Kimi Räikkönen (Ferrari/Platz 3): "Es war schon enttäuschend, wie es gelaufen ist. Aber das Auto war eigentlich ganz gut."

Verstappen: "Waren genauso schnell wie Hamilton"

Max Verstappen (Red Bull, Platz 4): "Die Strafe ist sehr ärgerlich. Als ich mit Bottas gekämpft habe, hat er meines Erachtens genau das gleiche gemacht. Später hatte ich an dieser Stelle auch das Überholmanöver, mache das gleiche mit Kimi und bekomme dafür eine Strafe. Das ist komisch. Das ganze Rennen war sehr positiv. Die letzten drei Rennen waren wir sehr schnell. Heute waren wir genauso schnell wie Lewis, das ist natürlich positiv."

Wehrlein: "Magnussen ist mir komplett in die Seite gefahren"

Daniel Ricciardo (Red Bull/ausgeschieden): "Das Rennen war ganz ok bis dahin, aber dann doch frustrierend. Ich konnte gegen Valtteri nichts machen. Wir waren schneller, aber auf der Gerade war er zu stark. Das Auto ist nicht so schlecht auf der Bremse, aber auf dem Gas zögerte der Motor immer etwas. Ich glaube, dann war der Öldruck weg und dann war es zu Ende."

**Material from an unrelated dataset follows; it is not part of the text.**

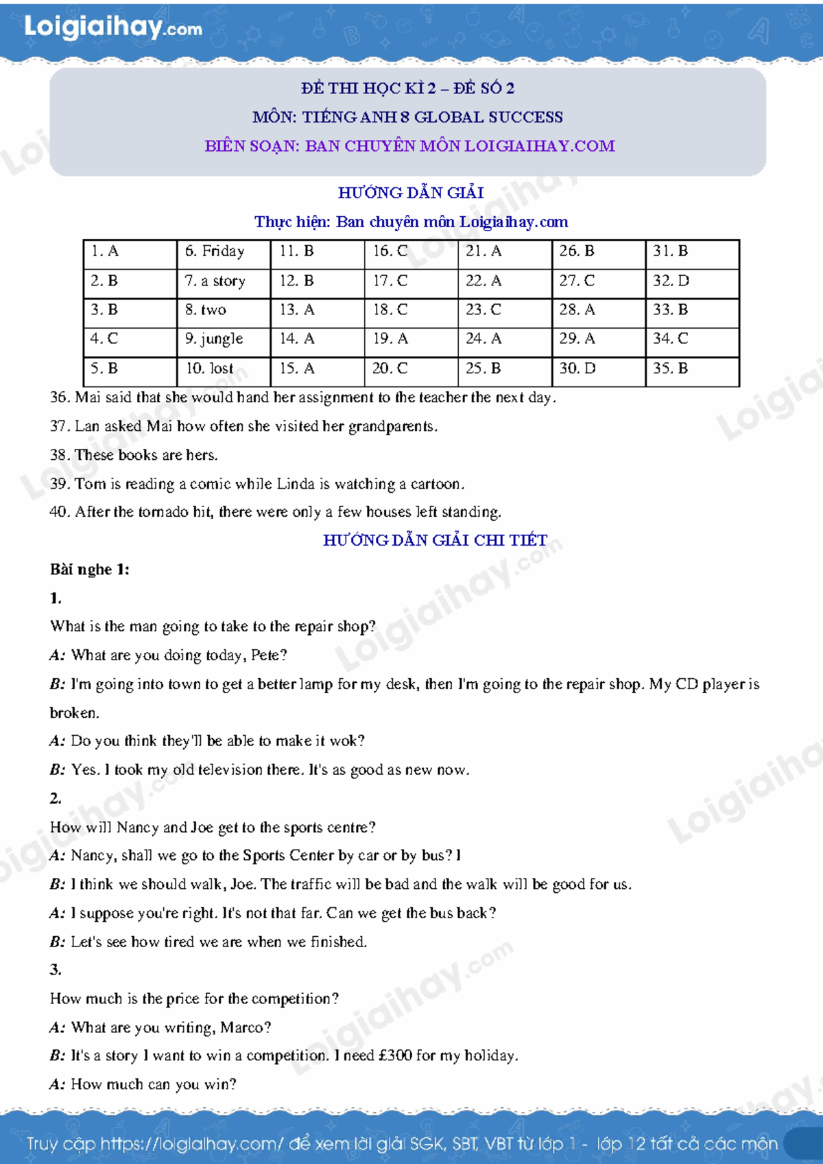 ĐỀ THI HỌC KÌ 2 ĐỀ SỐ 2 MÔN TIẾNG ANH 8 - HƯỚNG DẪN GIẢI CHI TIẾT - Studocu

Pascal Wehrlein (Sauber/ausgeschieden): "Der Magnussen ist mir komplett in die Seite reingefahren, hat die Kurve nicht bekommen. Dadurch ist mein Unterboden weggeflogen und ich musste das Rennen aufgeben. Das ist schade, wir waren hier so gut wie lange nicht mehr. Ich war auf den harten Reifen unterwegs und wir wollten nur einmal stoppen. Aber es gibt halt Fahrer, die in der 1. Runde glauben, dass sich das Rennen hier entscheidet und zu viel Risiko eingehen."